The task for the listing below is to write out exactly the lines starting at the one containing "3 Paar Mädchen/Jungen" and ending at the one containing "砀山街头11分钟,狮子出逃背", both included. Pictures are to be omitted.

——————

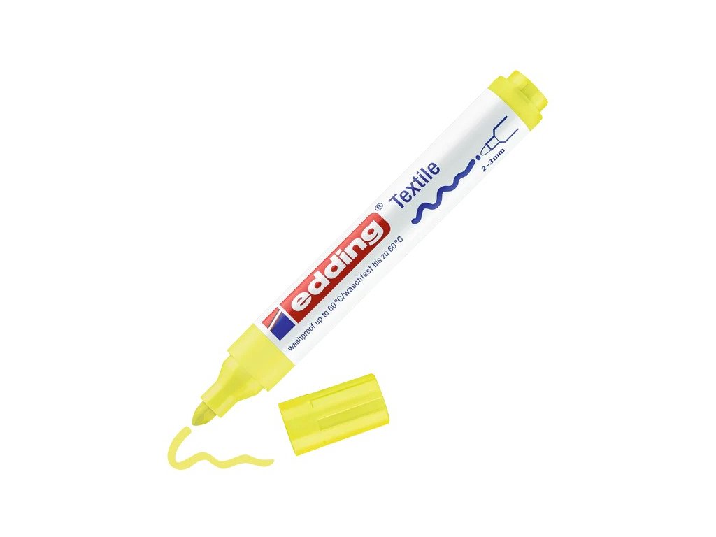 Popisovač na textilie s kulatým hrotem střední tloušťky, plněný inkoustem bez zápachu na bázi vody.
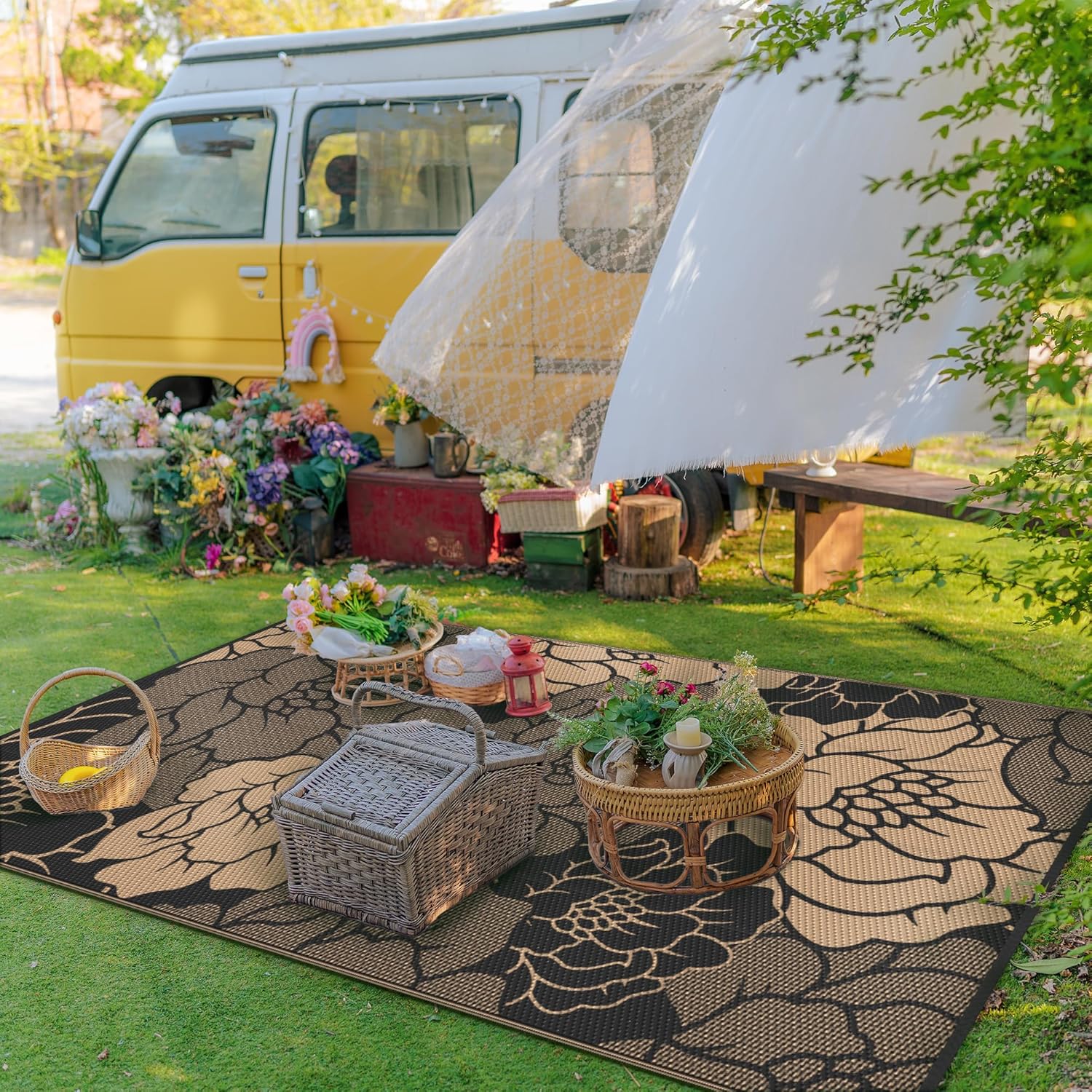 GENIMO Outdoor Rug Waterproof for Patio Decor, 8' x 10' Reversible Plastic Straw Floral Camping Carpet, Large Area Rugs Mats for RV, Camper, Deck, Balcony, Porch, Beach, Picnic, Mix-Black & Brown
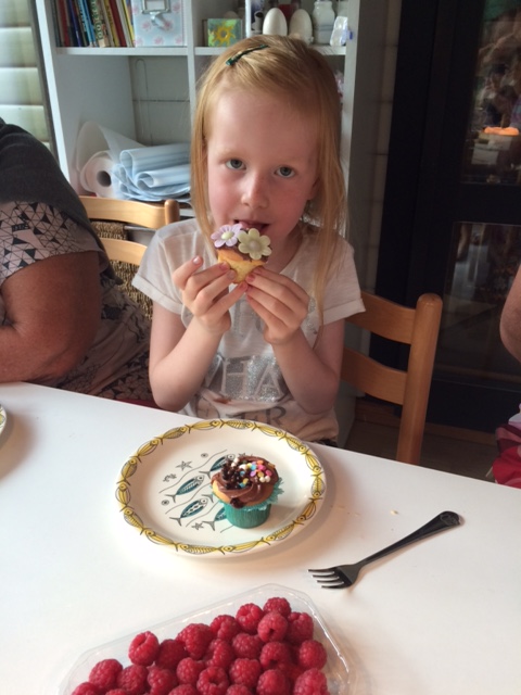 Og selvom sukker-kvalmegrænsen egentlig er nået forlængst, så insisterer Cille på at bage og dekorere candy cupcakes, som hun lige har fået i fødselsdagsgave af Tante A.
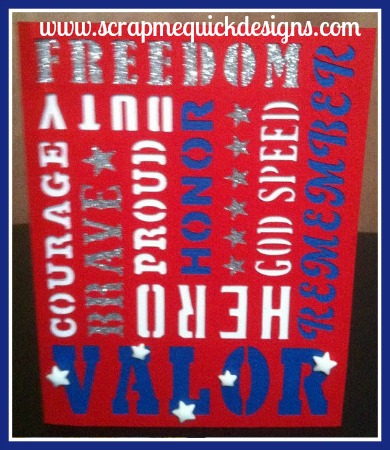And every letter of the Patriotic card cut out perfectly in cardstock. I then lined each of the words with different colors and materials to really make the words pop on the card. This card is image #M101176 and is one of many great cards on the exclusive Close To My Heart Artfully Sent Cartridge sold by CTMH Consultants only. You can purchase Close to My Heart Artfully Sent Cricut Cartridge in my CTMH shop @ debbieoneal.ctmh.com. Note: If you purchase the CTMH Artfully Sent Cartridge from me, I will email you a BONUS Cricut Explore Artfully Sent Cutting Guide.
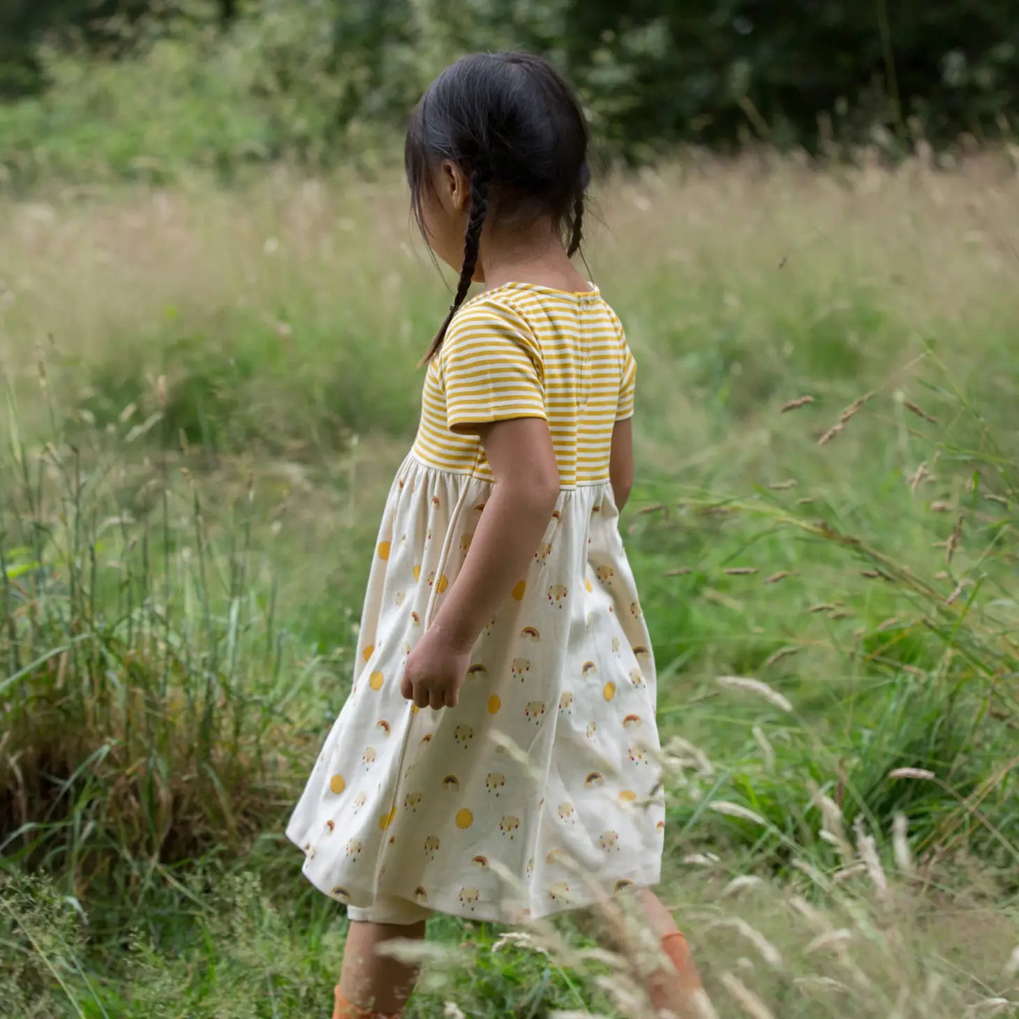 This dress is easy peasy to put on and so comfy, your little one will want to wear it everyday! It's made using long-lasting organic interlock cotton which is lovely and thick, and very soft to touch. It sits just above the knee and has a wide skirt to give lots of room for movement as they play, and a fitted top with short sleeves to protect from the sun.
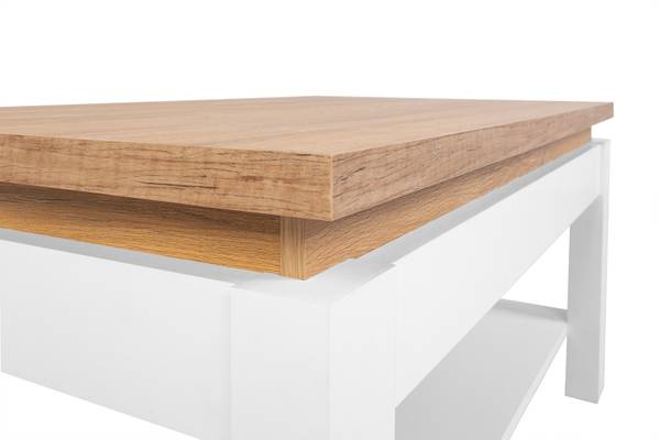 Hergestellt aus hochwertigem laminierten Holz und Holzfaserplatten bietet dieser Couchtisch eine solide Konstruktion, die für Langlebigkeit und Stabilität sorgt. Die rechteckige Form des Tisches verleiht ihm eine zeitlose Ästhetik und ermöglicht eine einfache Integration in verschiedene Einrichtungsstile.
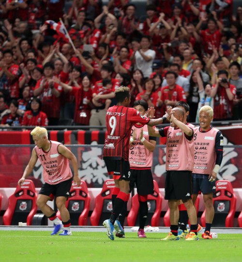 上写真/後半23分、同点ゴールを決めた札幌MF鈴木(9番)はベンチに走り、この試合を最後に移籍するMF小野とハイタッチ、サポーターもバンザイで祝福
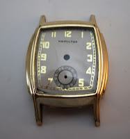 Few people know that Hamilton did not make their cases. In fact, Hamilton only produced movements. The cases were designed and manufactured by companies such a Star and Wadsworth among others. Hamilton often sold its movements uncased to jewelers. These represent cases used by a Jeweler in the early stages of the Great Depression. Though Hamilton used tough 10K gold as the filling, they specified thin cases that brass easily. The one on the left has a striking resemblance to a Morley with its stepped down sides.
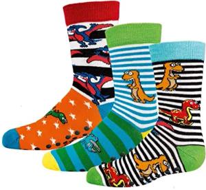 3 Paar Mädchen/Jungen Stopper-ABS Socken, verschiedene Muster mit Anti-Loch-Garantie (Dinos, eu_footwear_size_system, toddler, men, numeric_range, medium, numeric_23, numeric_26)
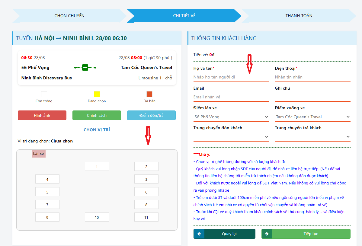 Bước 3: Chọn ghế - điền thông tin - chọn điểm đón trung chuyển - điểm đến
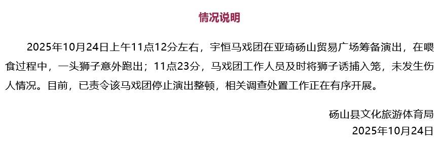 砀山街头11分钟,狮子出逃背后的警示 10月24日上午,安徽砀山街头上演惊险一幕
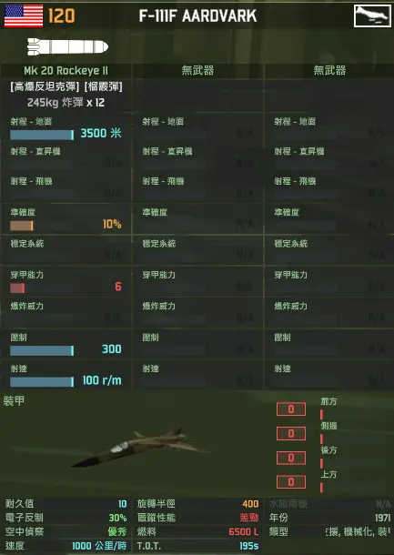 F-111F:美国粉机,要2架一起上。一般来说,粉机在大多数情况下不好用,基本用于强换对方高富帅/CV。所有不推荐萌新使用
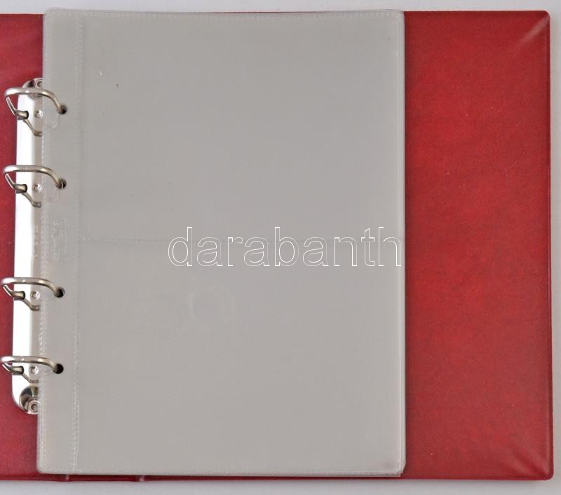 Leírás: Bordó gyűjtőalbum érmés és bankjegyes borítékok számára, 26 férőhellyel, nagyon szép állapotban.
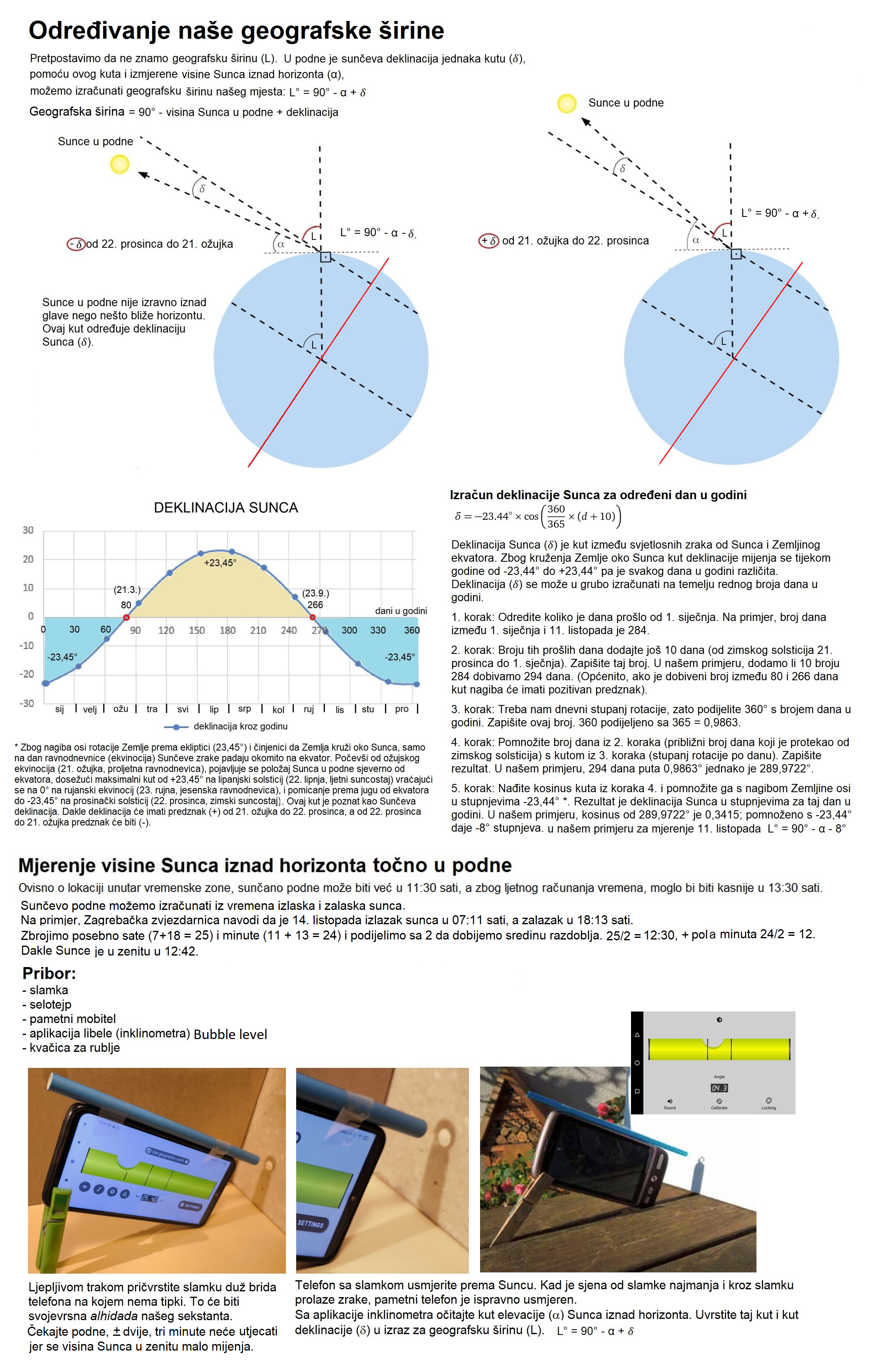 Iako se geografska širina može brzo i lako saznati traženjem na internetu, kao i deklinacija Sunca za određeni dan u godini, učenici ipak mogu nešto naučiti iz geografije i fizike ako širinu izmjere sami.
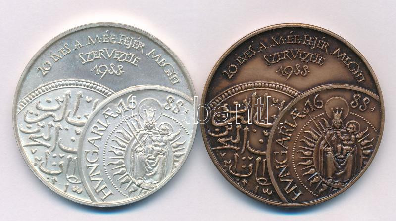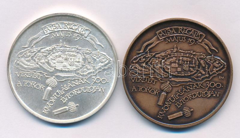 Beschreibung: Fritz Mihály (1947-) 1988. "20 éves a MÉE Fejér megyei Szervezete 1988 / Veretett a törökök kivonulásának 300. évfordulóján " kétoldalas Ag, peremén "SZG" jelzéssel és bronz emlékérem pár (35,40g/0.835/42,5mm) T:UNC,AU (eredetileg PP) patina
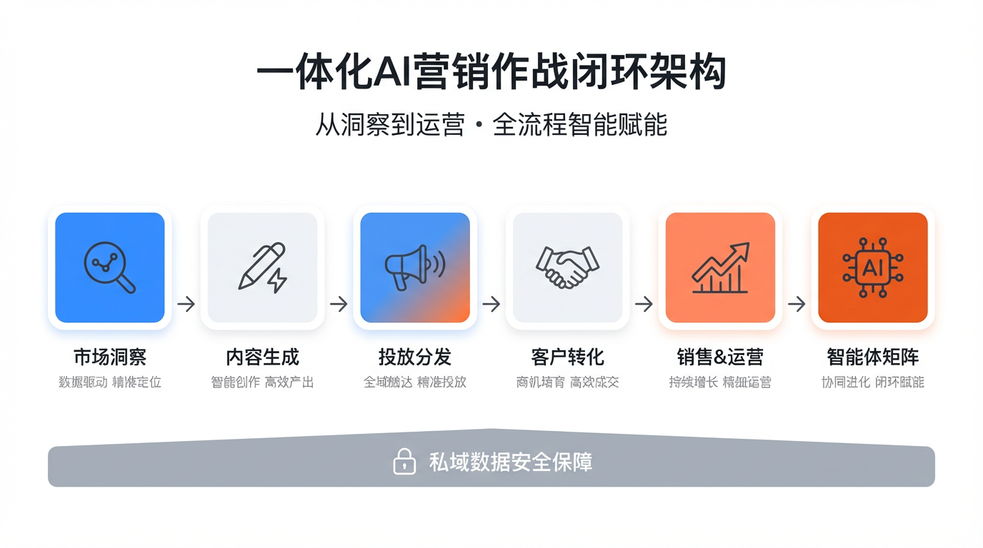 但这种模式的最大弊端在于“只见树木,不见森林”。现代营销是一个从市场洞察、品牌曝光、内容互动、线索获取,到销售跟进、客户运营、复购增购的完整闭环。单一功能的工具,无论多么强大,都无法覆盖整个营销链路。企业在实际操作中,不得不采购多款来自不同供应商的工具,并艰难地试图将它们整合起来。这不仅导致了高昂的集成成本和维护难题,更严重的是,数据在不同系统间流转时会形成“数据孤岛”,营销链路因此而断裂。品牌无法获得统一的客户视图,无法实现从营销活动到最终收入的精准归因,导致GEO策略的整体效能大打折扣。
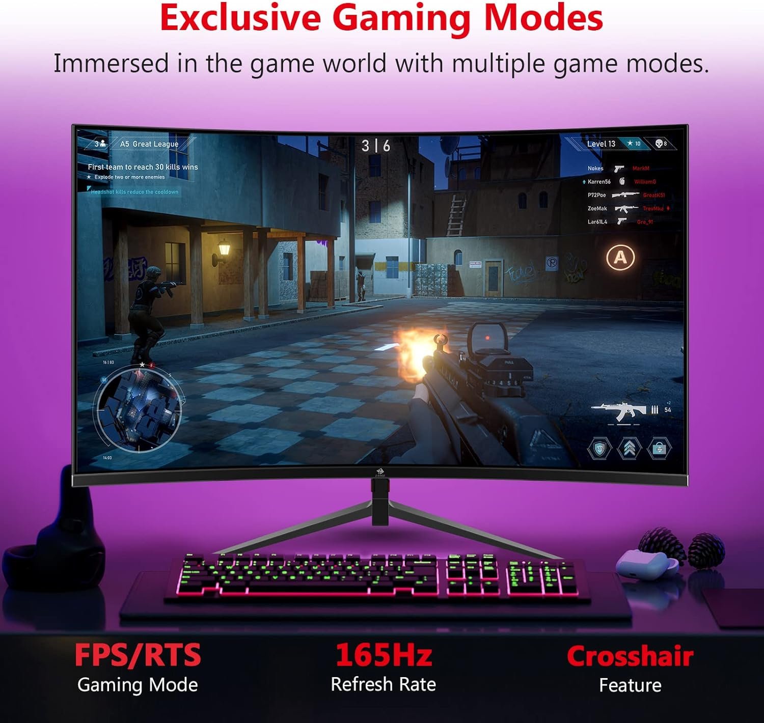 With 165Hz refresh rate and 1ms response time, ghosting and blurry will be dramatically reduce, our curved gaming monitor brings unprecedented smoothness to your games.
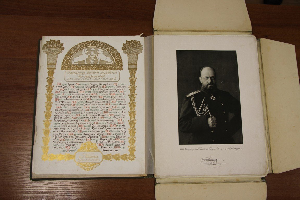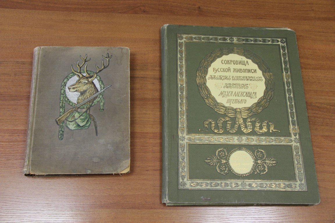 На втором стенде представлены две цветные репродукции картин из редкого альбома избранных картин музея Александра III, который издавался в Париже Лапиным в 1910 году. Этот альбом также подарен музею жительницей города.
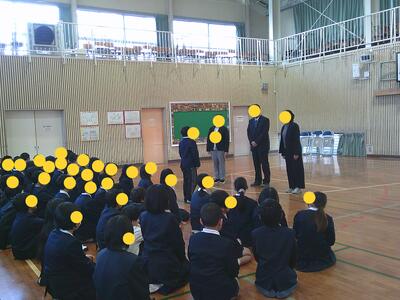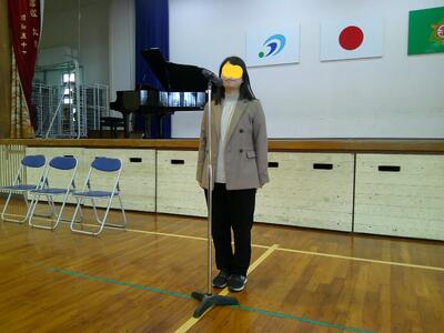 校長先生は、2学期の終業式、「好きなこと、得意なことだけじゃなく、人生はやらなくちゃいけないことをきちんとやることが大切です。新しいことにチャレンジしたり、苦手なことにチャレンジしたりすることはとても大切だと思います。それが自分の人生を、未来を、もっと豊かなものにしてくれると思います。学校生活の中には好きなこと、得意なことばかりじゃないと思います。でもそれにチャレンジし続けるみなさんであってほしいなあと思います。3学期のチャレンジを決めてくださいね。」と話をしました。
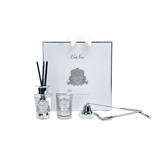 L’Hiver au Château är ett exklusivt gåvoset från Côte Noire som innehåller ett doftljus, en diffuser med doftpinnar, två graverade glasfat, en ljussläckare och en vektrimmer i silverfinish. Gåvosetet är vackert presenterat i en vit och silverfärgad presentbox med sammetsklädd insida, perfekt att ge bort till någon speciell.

——————

**Response box:**
 3 Paar Mädchen/Jungen Stopper-ABS Socken, verschiedene Muster mit Anti-Loch-Garantie (Dinos, eu_footwear_size_system, toddler, men, numeric_range, medium, numeric_23, numeric_26)
 Bước 3: Chọn ghế - điền thông tin - chọn điểm đón trung chuyển - điểm đến
 砀山街头11分钟,狮子出逃背后的警示 10月24日上午,安徽砀山街头上演惊险一幕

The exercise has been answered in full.